The expression of SIP1 protein in pharyngeal squamous cell carcinoma tumours often indicates an advanced tumour stage, a high risk of recurrence and a poor prognosis, according to research from the University of Eastern Finland. Based on the results, SIP1 is a potential new prognostic factor for clinical use, helping to single out patients with more aggressive tumour behaviour requiring more intensive therapy and closer follow-up. Ms Anna Jouppila-Mättö, MD, presented the results in her doctoral thesis.
Although pharyngeal squamous cell carcinoma (PSCC) is a rather rare disease, its incidence has been increasing over the past three decades, now accounting for 130,000 new cases and 80,000 cancer deaths worldwide. The prognosis is one of the poorest of all the head and neck squamous cell carcinomas and it has not improved to any significant extent, despite the availability of multimodal therapies. The main risk factors for PSCC are the use of tobacco and alcohol. Recently, the human papilloma virus (HPV) has been shown to be involved in the development and prognosis of oropharyngeal squamous cell carcinoma, and many hospitals routinely test patients for HPV. No other distinct biomarkers for PSCC patient survival have been established thus far.
The first study to assess the role of EMT-related transcription factors in PSCC
Epithelial-mesenchymal transition (EMT) is a complex cellular process which is not only crucial for embryogenesis, but it is also activated during tumour progression, enabling tumour cells to become invasive and to metastasise. Several transcription factors, like SNAI1, TWIST, SIP1, SLUG, and ZEB1, are fundamental in regulating EMT.
This study was the first to assess the role of EMT-related transcription factors in PSCC. The immunohistochemical expressions of transcription factors SNAI1, TWIST, SIP1, SLUG and ZEB1 were analysed in tumour cells, stromal and endothelial cell nuclei, as well as in cytoplasm of PSCC samples in an effort to evaluate the association of their expressions with clinicopathological variables and patient prognosis.

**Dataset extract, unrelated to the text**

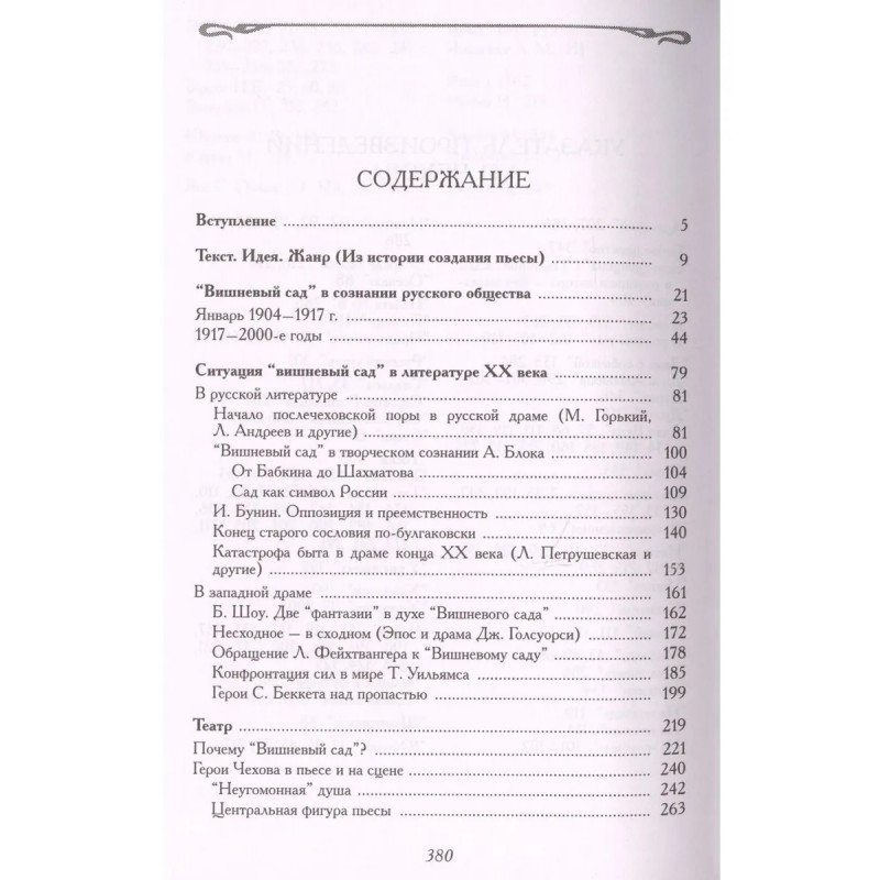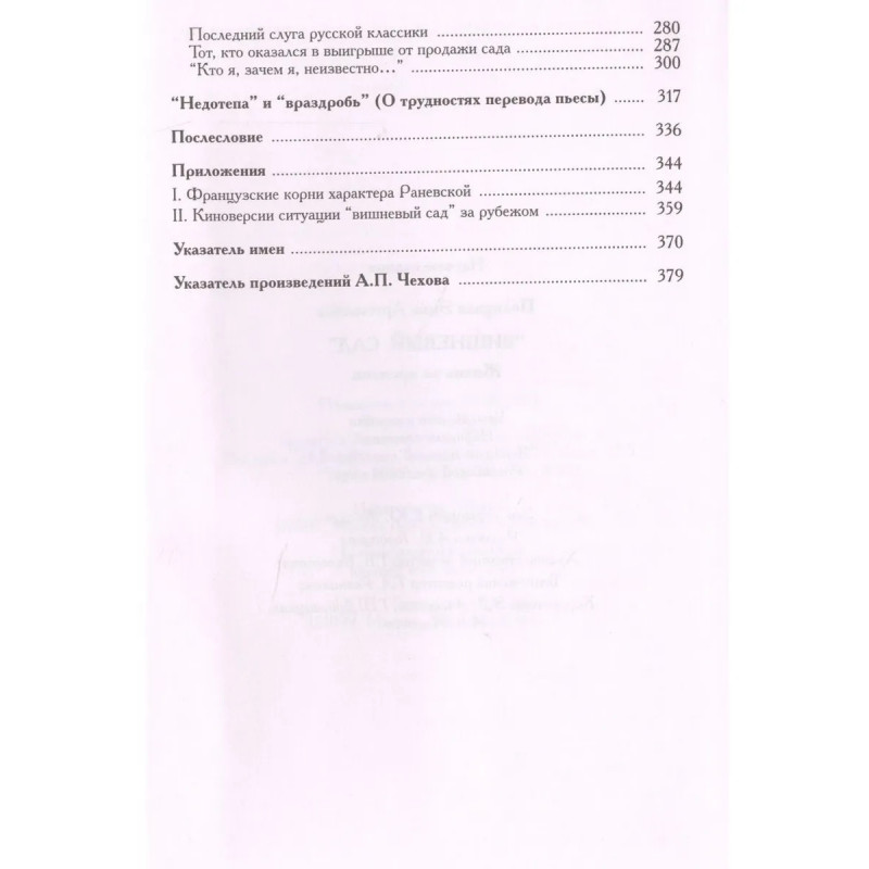 Последняя пьеса Чехова оказалась пророческой — как предвестие драматических событий XX в. и начало пути "новой драмы" к иным формам. Отсюда растущий интерес к ней в современном мире. Гибель одного дворянского имения прочитана в книге как ситуация "вишневый сад" в любую эпоху. Интерпретации пьесы рассматриваются с момента ее появления до недавних исследований и постановок. По-новому освещены творческие отклики на пьесу (от Горького до Беккета и др.). Впервые идет речь о ее ключевых словах в связи с переводами. Делено внимание роли театра для понимания пьесы и ее героев, киноверсиям по ее мотивам. В книге отражены и трагические предчувствия Чехова, и вера, что цветение сада на Земле вечно...Для специалистов и широкого круга читателей — к 100-летию "Вишневого сада".

Tumours with positive epithelial nucleal SIP1 immunostaining were more advanced and had more lymph node metastases. The expression of SIP1 was also linked to poorer disease-specific five-year survival and was an independent prognostic factor in multivariate analysis together with tumour size and general patient status.
SNAI1 expression in endothelial cells predicted reduced survival and increased tumour size, whereas TWIST expression in stromal cells was linked to higher risk of recurrence. The co-expression of SNAI1, TWIST and SIP1 in tumour epithelial cell nuclei predicted poorer prognosis than SIP1 expression alone.